The “Shovel-ready” Concept
June 14, 2011 Leave a comment
Proposed Step 1 in the “Proposed Changes to USCIS’s Processing of EB-5 Cases” (comment period ending this Friday 6/17) is “Accelerated and Premium Processing of ‘Shovel-Ready’ Cases.” The EB-5 community has been pressing for a long time for a premium processing option, and for a long time USCIS has said no because if they did everyone would use it and they don’t have the staff to accelerate everyone’s cases. This new proposal suggests a way to select just a portion of cases worthy of expedite: the “shovel-ready” standard. If your I-924 petition is based on a project that is “shovel-ready,” defined as “business projects that are sufficiently developed to support the immediate filing of actual I-526 petitions from participating investors,” it will enjoy hugely shortened processing times (as short as 15 days versus 5 months).
I have a few concerns about that word “shovel-ready” and its definition.
- USCIS shouldn’t create a situation in which as-yet-unauthorized regional centers would be forced to promote as-yet-unapproved projects and rush investor and source of funds screening – which would be inevitable if USCIS defines the term to necessitate “immediate filing” of actual I-526 petitions from participating investors the moment I-924 approval is received.
- If “immediate filing of I-526” isn’t a reasonable definition for “shovel-ready,” then what is? We do need USCIS to give a strict definition, or for sure nearly all RC applications will claim that their projects are shovel-ready and we’ll be back to square one with premium processing impossible because everyone is trying to take advantage of it.
- USCIS might learn from the history of the “shovel-ready” concept as a standard for privileging applications for stimulus funding. Sec. 1602 of the American Recovery and Reinvestment Act of 2009 Division A Title XVI provides a definition of the standard that President Obama and others have referred to using the term “shovel-ready”: “In using funds made available in this Act for infrastructure investment, recipients shall give preference to activities that can be started and completed expeditiously, including a goal of using at least 50 percent of the funds for activities that can be initiated not later than 120 days after the date of the enactment of this Act.” I feel that “120 day” standard might be reasonable in the EB-5 context as well — definitely more sensible than “immediately” anyway. However the term is still slippery enough that USCIS may find itself with President Obama who saw stimulus projects starting to take off over 16 months after the Act was enacted and who joked yesterday at his Council on Jobs and Competitiveness that “Shovel-ready was not as … uh .. shovel-ready as we expected.”

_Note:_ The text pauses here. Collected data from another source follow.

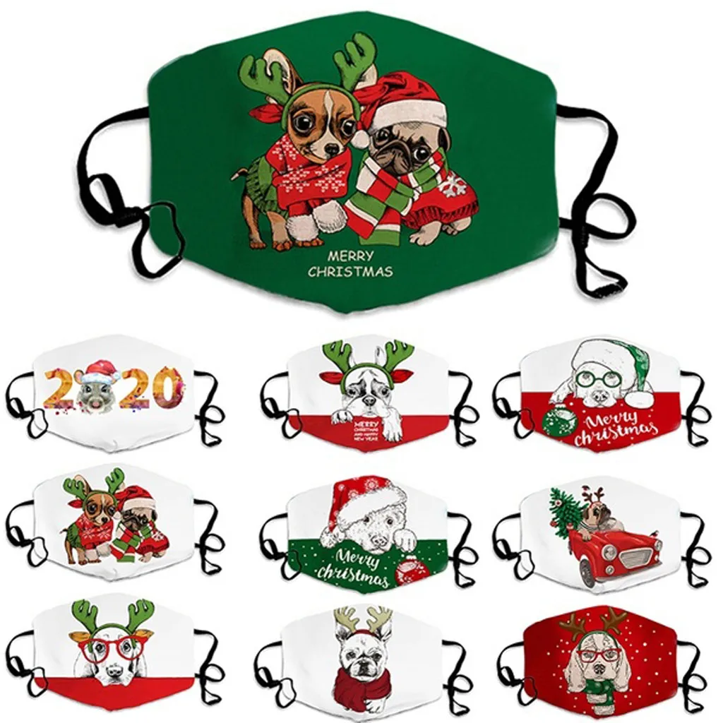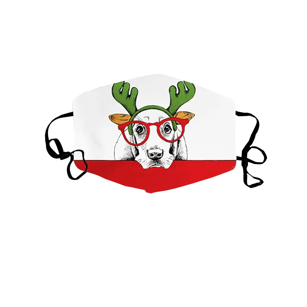 Унисекс модная Рождественская Милая маска с принтом животных Регулируемая смываемая маска для лица Характеристика: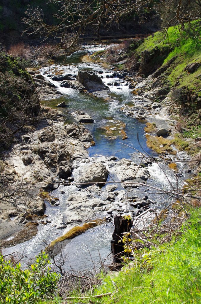 Brim Road leads West across the valley, then becomes a series of sharp, steep switchbacks up the hillside until it intersects Walker Ridge Road on the top. At this point, the road becomes Bartlett Springs Road and drops down to the North end of the reservoir. I assume at some decade, maybe 1984, there was water near the dam and the road that crosses it. Now, the water is a far-away shimmer, although this time it was a bit closer than last January.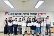 (비전21뉴스) 오산문화재단은 9일 오산시지역아동센터연합회와 오산 청소년들이 건강한 사회 구성원으로 성장할 수 있도록 상호협력을 하기 위한 업무협약을 체결했다고 밝혔다. 협약식은 오산문화재단에서 열렸으며, 최상열 오산문화재단 사무국장과 이광훈 오산시지역아동센터연합회장 및 관계자들이 참석한 가운데 진행됐다. 오산시지역아동센터연합회는 '아동복지법' 및 '사회복지사업법'에 근거해 방과 후 돌봄이 필요한 지역 아동의 건전한 성장을 지원하고 종합적인 복지서비스를 제공하는 단체로, 2025년 9월 현재 9개 센터에서 총 272명의 아동을 돌보고 있다. 이번 협약은 청소년들의 열정, 성장, 행복, 창의의 가치를 위해 문화예술교육 및 문화향유를 위한 협력의 중요성을 인식하고 양 기관 간 신뢰감 형성과 필요한 지역 자원 연계 등 상호 협력함을 목적으로 추진됐다. 이광훈 오산시지역아동센터연합회장은 “그동안 ‘꿈을 향해 날개짓하다’ 행사 때마다 적극적으로 도움을 주셔서 감사한 마음을 가지고 있었다”며 “이제는 상호협력으로 센터에서도 청소년들을 위한 문화재단의 문화예술교육 및 다양한 사업에 대해 적극적으로 연계할 수 있
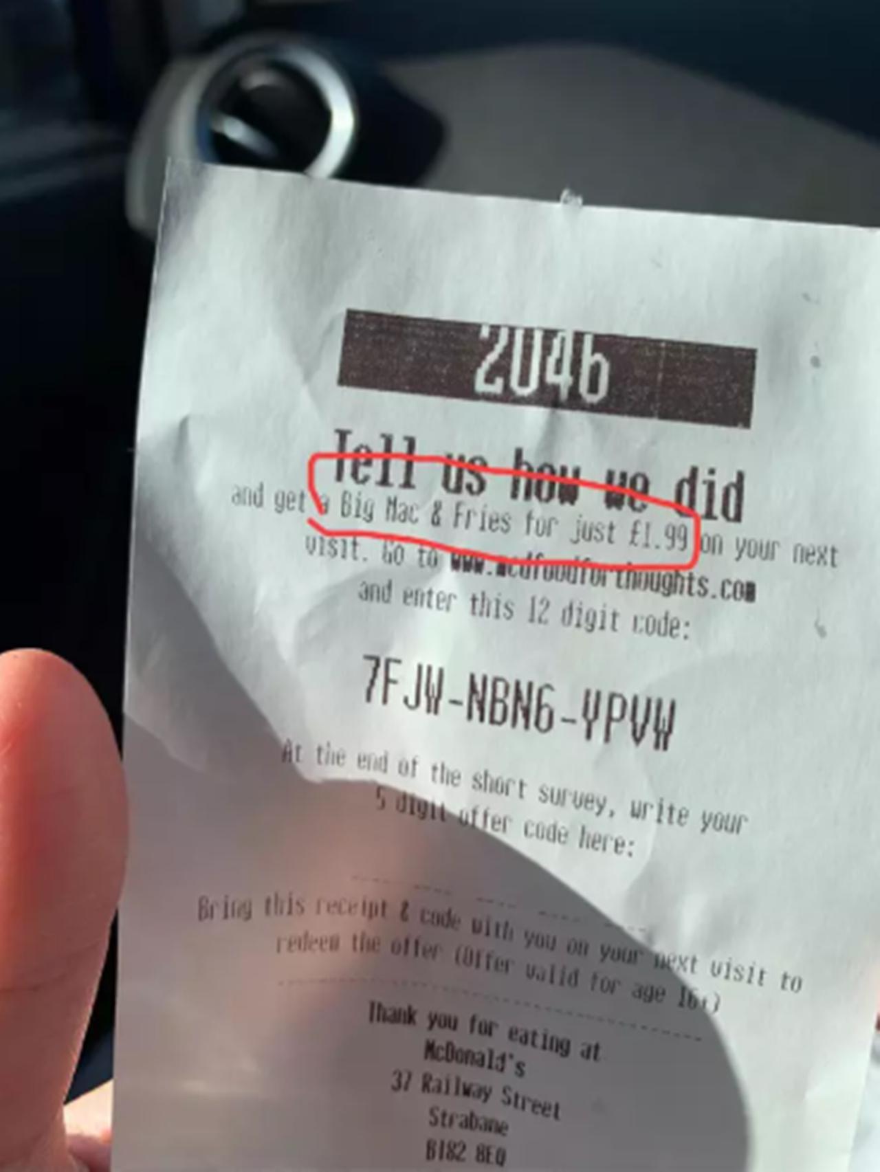 1人のユーザーが投稿した写真のレシートには、「私たちがどうだったか教えてください」と大きく書かれているのが目立つけれど、その文字の下をよく読んでみると、「そして次回のために、ビッグマック&(ポテト)フライを1.99ポンドでゲットして」と書かれている。ユーザーは、こうコメントしている。

- The “actual (shovel-ready)” and “actual (exemplar)” distinction makes some sense only at the I-924 stage, not at the I-526 stage. The I-526 petition is being filed by an EB-5 investor — of course at that point the project is ready to receive EB-5 investment! If not the petition will get denied, not just demoted. By the “shovel-ready” standard, all approvable I-526 would qualify for premium processing.
The deadline for comment on the proposed changes is this Friday, and I’m still struggling with what to say. It’s easy to point out problems, but what constructive suggestion can I make? I sure don’t want to kill the impulse to improve procedures and shorten processing times, so I don’t want to tell USCIS what’s wrong with its proposal if I can’t suggest better options.